What's the asymptotic running time of the fastest algorithm for adding two $n$-digit decimal numbers on a Turing machine? To specify, the input is of the form $a_1+a_2$ where $a_1$ and $a_2$ are written out in the usual decimal expansion, and the output on the tape is just the result, $a_1+a_2$ (there is no need to keep the inputs). The best I can do so far is $O(n^2)$ time using this program I made: http://morphett.info/turing/turing.html?185f35a035e386d2a927c15b869b422a
The way this algorithm works is by finding the rightmost "non-added" digit of the number to the right of the addition sign (henceforth No. 2), marks this with an "o", and moving left until it finds a "non-added" digit of the number to the left of the addition sign (henceforth No. 1) and marking the result with a letter so that the machine will know how many decimal places to go to the left when adding next time. If there are any carries, these places are marked with numbers rather than letters because they haven't been 'reached' yet other than by the carry. The machine ends when all the digits on the right-hand number have been turned into "o"s and the machine encounters the plus sign instead of a number. Then, it cleans up all the "o"s and transforms all the letters into numbers and deletes any 0's at the beginning of the number.
I won't provide a rigorous proof, but this algorithm can be seen to be $O((n_2)^2)$ time complexity intuitively by the fact that for each digit in No. 2, the turing machine has to move about $n_2$ (which I use to denote the length of $a_2$) steps to the left, and since there are $n_2$ digits in No. 2, this algorithm takes about $n_2\times n_2=(n_2)^2$ steps. (Thus it runs in $O(n^2)$ time, assuming both numbers are of the same length, $n_1=n_2=n$).

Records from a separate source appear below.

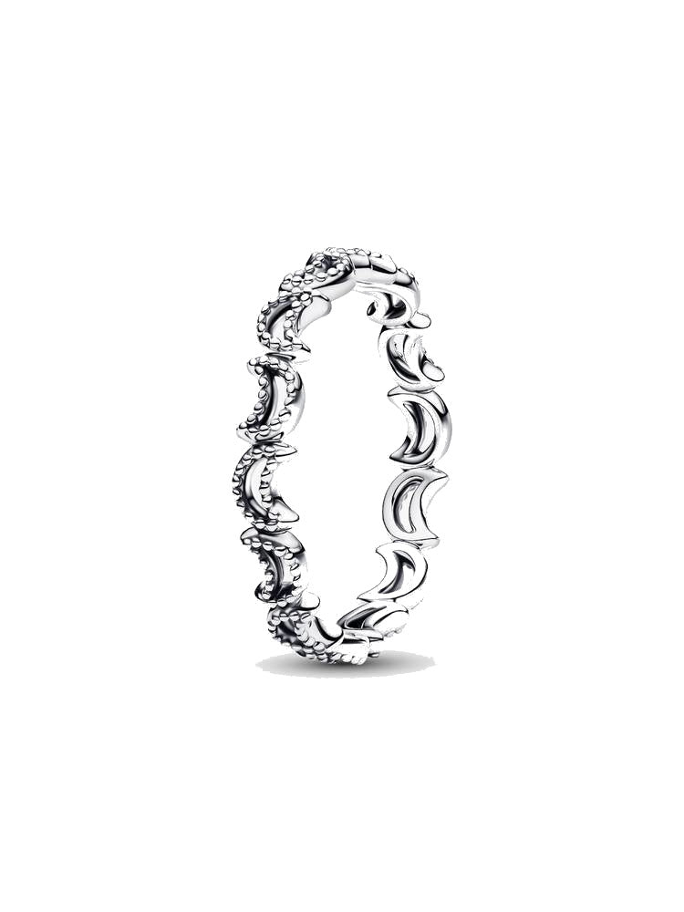 Scopri la magia del cielo notturno con il nostro anello Falce di Luna, un gioiello che cattura l'essenza del cosmo e la trasforma in pura eleganza. Realizzato in Argento Sterling 925, presenta una fila di lune collegate e finemente incastonate con sfere lucenti, simbolo di unità e armonia cosmica.
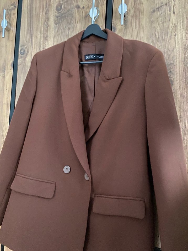 Dilvin Kadın Kahverengi Düğmeli Blazer
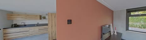 Zodra u binnenstapt, voelt u dat hier met liefde is gewerkt aan elk detail. De begane grond heeft een stoere betonvloer met vloerverwarming, die warmte en design moeiteloos combineert. De eethoek baadt in het licht door de grote raampartijen en openslaande deuren naar de prachtig aangelegde tuin. De keuken is strak vormgegeven in houtlook met zwarte accenten en heeft diverse inbouwapparatuur. De badkamer is op de begane grond gelegen en is keurig afgewerkt met visgraattegels, een regendouche en een natuurstenen waskom. Aan de voorzijde is een multifunctionele kamer, hier is een garderobe kast en de aansluitingen voor de wasmachine en droger. De slaapkamer op de verdieping ademt rust en ruimte, met witgeschilderde balken en veel natuurlijke lichtinval. Het grote dakraam zorgt voor een fijne, lichte sfeer en uitzicht op het groen. De lichte vloer en neutrale tinten versterken het gevoel van ruimte. Een praktische werkhoek en ruime opbergmogelijkheden maken de kamer compleet.

This improves on the naïve exponential time implementation of just subtracting one from No. 2 and adding one to No. 1 until No. 2 is exhausted, but is there any faster algorithm?

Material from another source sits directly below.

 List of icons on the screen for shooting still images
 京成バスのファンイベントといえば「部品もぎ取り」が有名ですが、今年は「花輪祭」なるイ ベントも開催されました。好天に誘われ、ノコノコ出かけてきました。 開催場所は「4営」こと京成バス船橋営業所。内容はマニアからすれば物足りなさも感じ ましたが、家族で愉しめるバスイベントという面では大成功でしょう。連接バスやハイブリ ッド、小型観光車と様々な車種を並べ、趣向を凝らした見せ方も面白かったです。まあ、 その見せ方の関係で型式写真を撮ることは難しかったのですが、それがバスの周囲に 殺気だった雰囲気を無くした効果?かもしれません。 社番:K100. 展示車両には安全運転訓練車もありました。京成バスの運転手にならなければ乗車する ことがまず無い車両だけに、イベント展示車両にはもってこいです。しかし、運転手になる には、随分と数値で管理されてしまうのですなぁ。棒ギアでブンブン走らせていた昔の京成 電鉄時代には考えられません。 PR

EDIT: Just to clarify I want the fastest algorithm for adding two decimal numbers of equal length, $n$. I use $n_1$ and $n_2$ as the lengths of $a_1$ and $a_2$ respectively only to emphasize that the algorithm is technically only quadratic in $n_2$, which is where it gets the $O(n^2)$ runtime from. I tried calculating the exact number of steps the algorithm takes, which is $n_1+2(n_2)^2+5n_2+max(n_1,n_2)+5+2c+d$, where c is the number of carries (bounded by $n_1$) and d is the number of digits in the result. Thus, a more precise runtime would be $O((n_2)^2+n_1)$, but left this out for conciseness and because in the end I only cared about the case $n_1=n_2=n$.